The Flegmasia Cerulea Dolens is a rare and severe complication of deep venous thrombosis, which manifests clinically with profuse edema, pain and cyanosis of the affected lower limb. The massive obstruction of the venous system is an increase in the pressure of the limb compartments, which compromises the arterial circulation. Your treatment should be aggressive to avoid gangrene and / or death.

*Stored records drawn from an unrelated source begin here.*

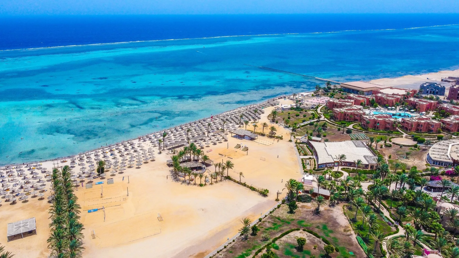 Dlhá piesočnatá pláž priamo pri rezorte ponúka kúpanie v prírodnej lagúne s piesočnatým vstupom, vhodným aj pre deti (miestami s koralovým podložím, odporúčame obuv do vody). Lehátka, slnečníky a osušky sú k dispozícii zdarma, pričom na pláži sa nachádza aj bar.
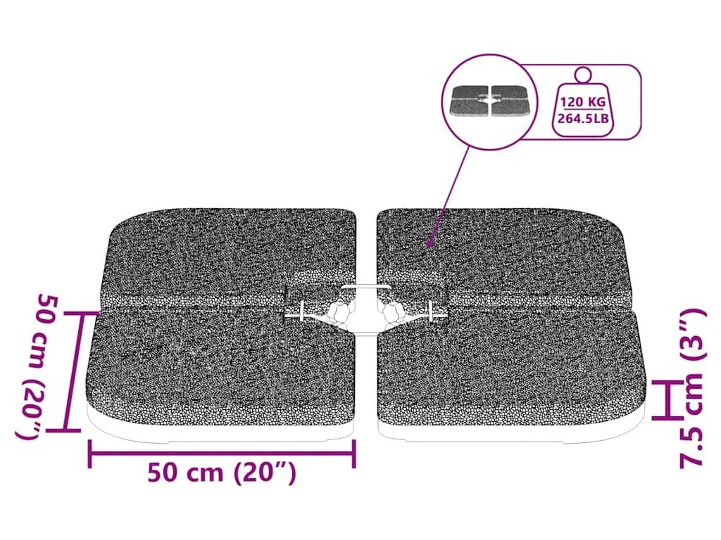- Rozměry každé části: 50 x 50 x 7,5 cm (D x Š x V)
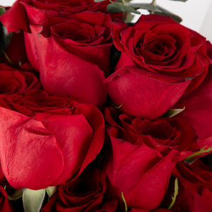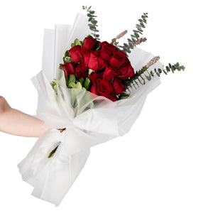 استمتع بجمال باقة الورود الحمراء الكلاسيكية الخالدة، مزيج مثالي من الأناقة والرقي. تتميز هذه التشكيلة الرائعة بورود حمراء نابضة بالحياة، ملفوفة بعناية في غلاف أبيض أنيق، مما يخلق تباينًا رائعًا يضيف لمسة من الفخامة إلى أي مناسبة.
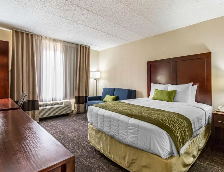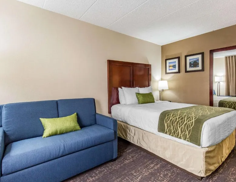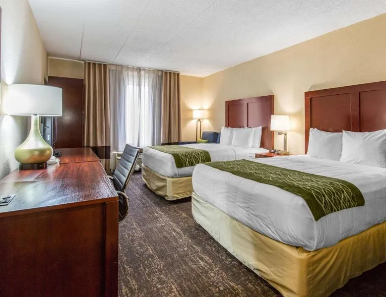 The Comfort Inn College Park North hotel in Beltsville, Maryland is just off Interstate 95 located between Washington, D.C. and Baltimore, MD. The hotel is only minutes from College Park, Silver Spring and Laurel. The surrounding area offers a variety of entertainment venues, shopping centers, antique stores and specialty shops. Several restaurants, cocktail lounges and coffee shops are in the vicinity; some can be found within walking distance to the hotel. Enjoy full-service hotel features and amenities like, free coffee, free wireless high-speed Internet access, free newspaper, free local calls and free parking. After a busy day of meetings or an exciting day of sightseeing, guests of this Beltsville, MD hotel are invited to relax by the seasonal outdoor pool. Be sure to take advantage of the on-site exercise room. The business center provides guests with a public computer with Internet access, and copy and fax service. There are seven meeting and banquet rooms on the premises that can accommodate up to 93 people for most business or social functions. Providing free toiletries, this quadruple room includes a private bathroom with a walk-in shower, a bath and a hairdryer. The quadruple room provides air conditioning, a tea and coffee maker, a wardrobe, heating and a flat-screen TV with cable channels. The unit offers 2 beds.
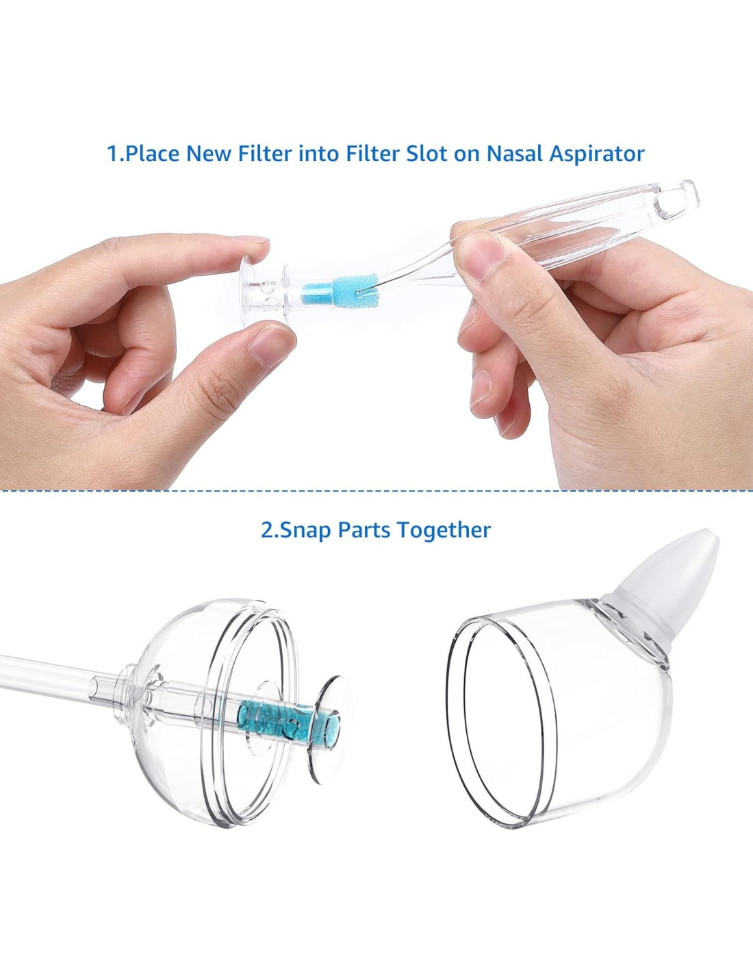 - Los recambios de filtro para el aspirador nasal son desechables, higiénicos y eficientes, previniendo efectivamente la transferencia de moco nasal o mocos.
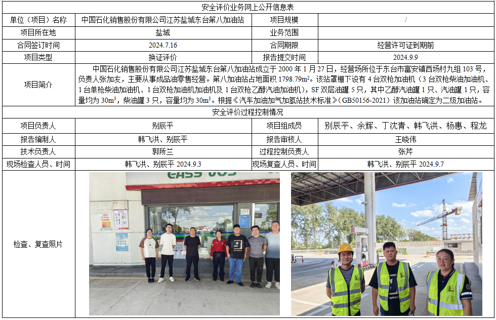 中国石化销售股份有限公司江苏盐城东台第八加油站
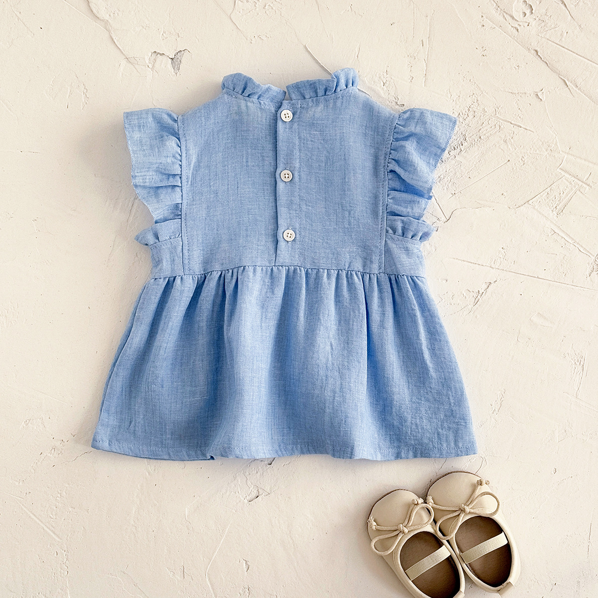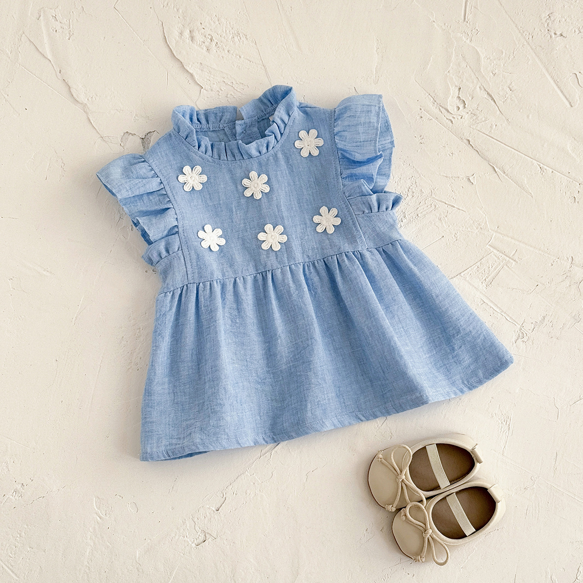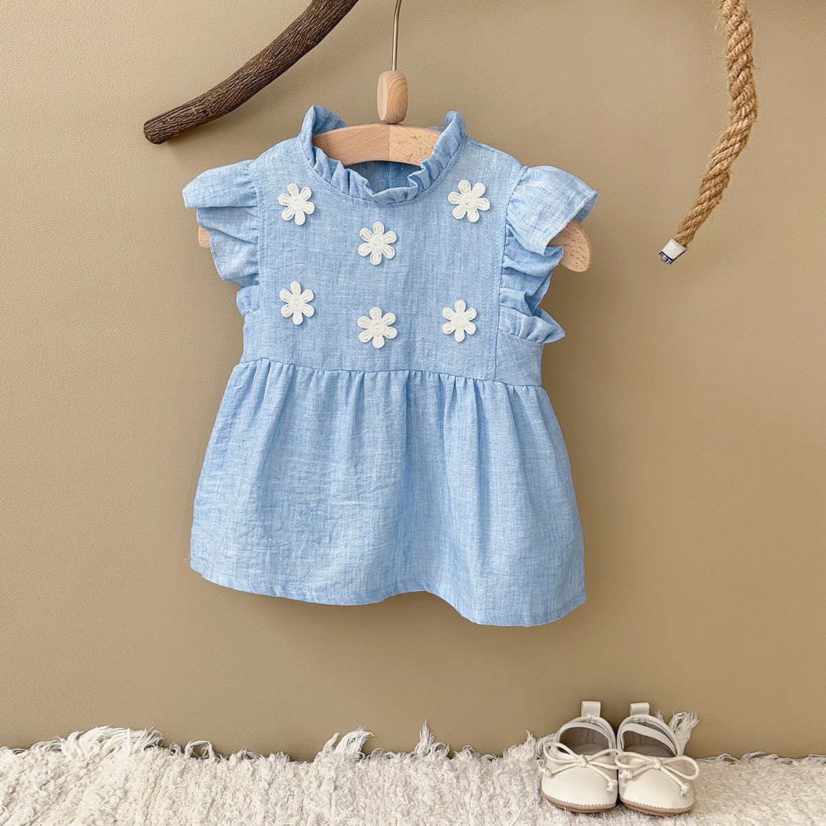 2025 여름 귀여운 꽃 비행 소매 원피스 공주 스타일 수제 꽃 소녀 편안한 부드러운 라이트 블루스토어 가기

We present the case of a patient treated at La Sagrada Familia Clinic, Armenia - Colombia, who consulted for clinical picture of progressive edema in left lower limb, finding ischemic changes in distal phalanges and grade III edema in left lower limb, with report of duplex venous with deep left iliofemoral venous thrombosis and arterial duplex with reduction of arterial flow secondary to severe soft tissue edema, phlebography with venous thrombolysis is indicated by regional catheter in left lower limb with continuous thrombolytic infusion. With the respective angiographic controls at 24 and 48 hours with 80% recanalization of the iliac, femoral and popliteal veins, the infusion was interrupted and the catheter was withdrawn, anticoagulation with unfractionated heparin was continued until oral anticoagulation was administered, the hospital discharge was performed given its satisfactory evolution.